Storm-time Large-Scale Birkeland Currents: Salient Dynamics in Grand Challenge Events

Tuesday, 15 December 2015: 13:55
2016 (Moscone West)
Haje Korth1, Brian J Anderson1, Colin L Waters2 and Robin J Barnes1, (1)The Johns Hopkins University Applied Physics Laboratory, Laurel, MD, United States, (2)University of Newcastle, Callaghan, Australia
The Active Magnetosphere and Planetary Electrodynamics Response Experiment (AMPERE) provides continuous global observations of Birkeland currents on a 10 minute cadence. During geomagnetic storms, currents intensify to over 15 MA, are dynamic both in intensity and distribution, and exhibit features not discernible in statistical analyses. For all of the subject grand challenge storms, AMPERE data reveal a number of novel phenomena illustrating the profound dynamics of the storm-time system. Storm-time onsets associated with shock arrivals are often very prompt and lead to dramatic surges in total current from 1 MA to over 5 MA in less than 20 minutes.
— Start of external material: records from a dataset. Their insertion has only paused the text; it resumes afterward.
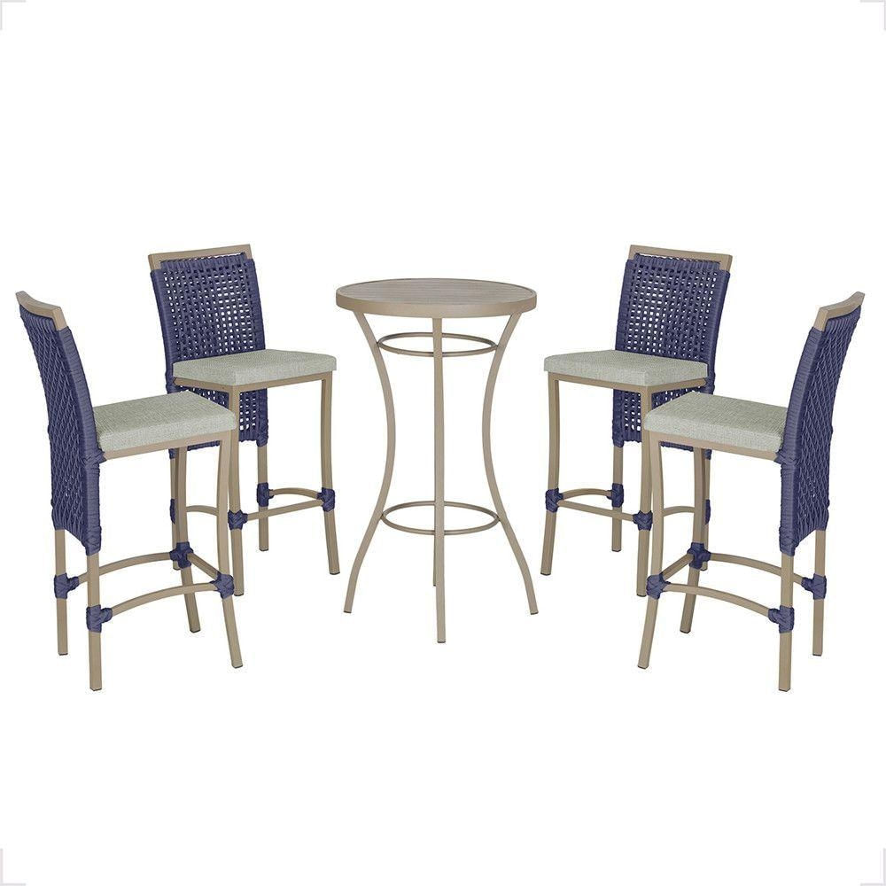 Mesa Bistrô Com 4 Banquetas Roma Fendi Corda Náutica 3 Trama Azul
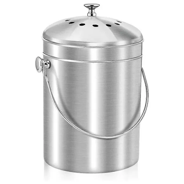 Robust och Elegant Konstruktion i Rostfritt Stål: Tillverkad av premium, rostfritt stål, erbjuder kompostbehållaren hållbarhet samtidigt som den kompletterar din köksinredning. Dess charmiga design integreras sömlöst på vilken bänkskiva som helst och ger funktionalitet och stil.
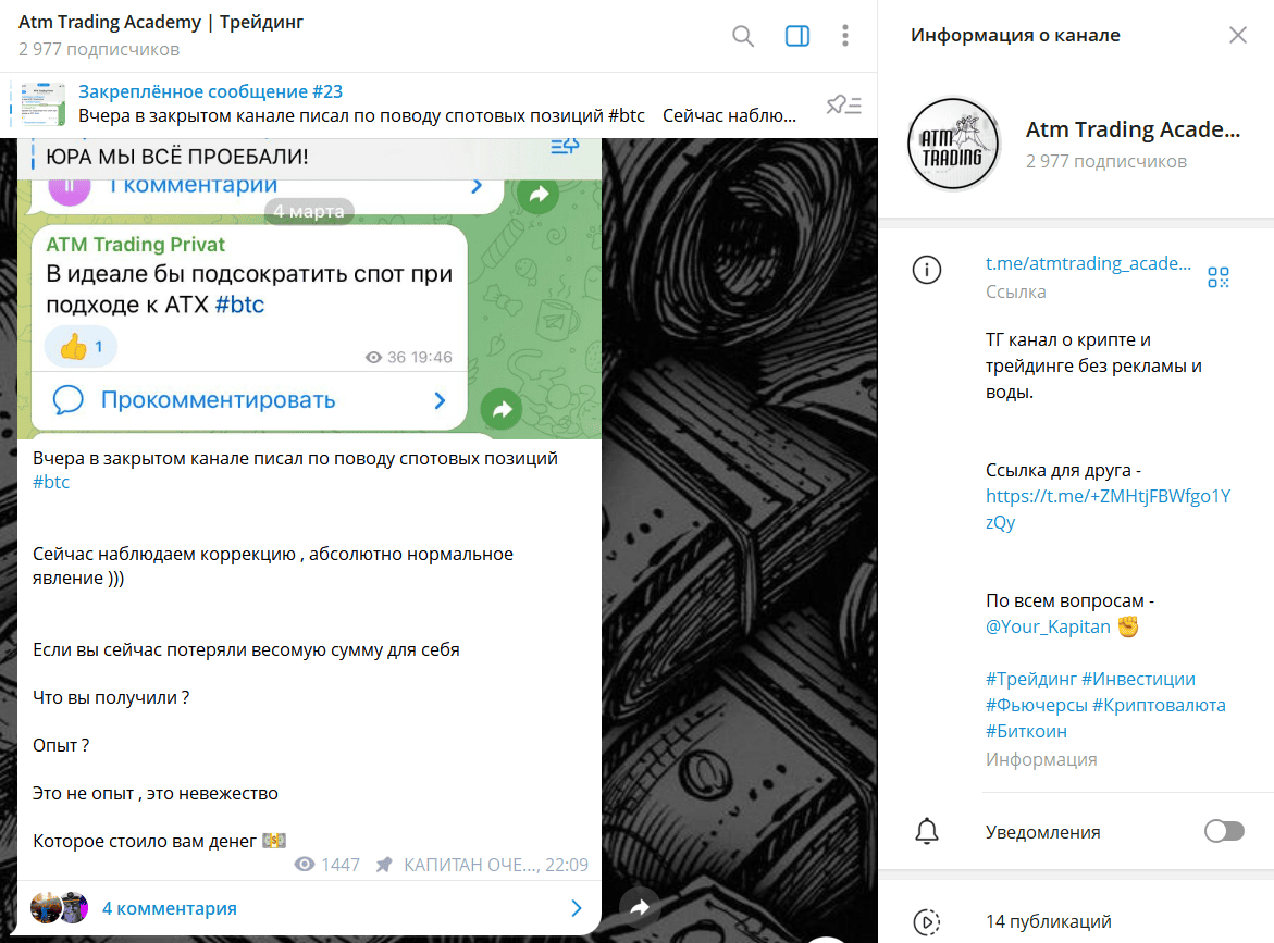 Канал Atm Trading Academy | Трейдинг — очередной пример того, как под видом «академии» пользователям предлагают доступ в платные чаты с сомнительной ценностью. Отсутствие лицензий, агрессивная реклама закрытых подписок и давление на эмоции аудитории указывают на риски.

The current surges occur predominantly on the dayside at high latitudes prior to any ring current or auroral expansions, indicating that neutral density upwelling is often driven independently of ring current or auroral zone intensifications. Rapid reconfigurations of the currents with IMF BY reversals within the sheath structures of coronal mass ejections (CMEs) are also common. This implies that convection of ionospheric density patches over the polar cap may be quite complex, particularly during the early phase of geomagnetic storms related to the CME sheath passage. The 3 September 2012 storm exhibited intense driving with classic quasi-stable Region 1 and 2 currents spanning 55 to 70 degrees magnetic latitude for over 10 hours at the beginning of the day, corresponding to stable southward IMF prior to shock arrival at noon on that day. The shock arrival and IMF southward intensification led to further expansion of the currents below 50 degrees magnetic latitude and to episodic surges in currents on the nightside, which is unique to storms. The resulting current structure showed multiple large-scale alternations in downward-upward-downward-upward direction that often occurs during intense, sustained driving during strong storms.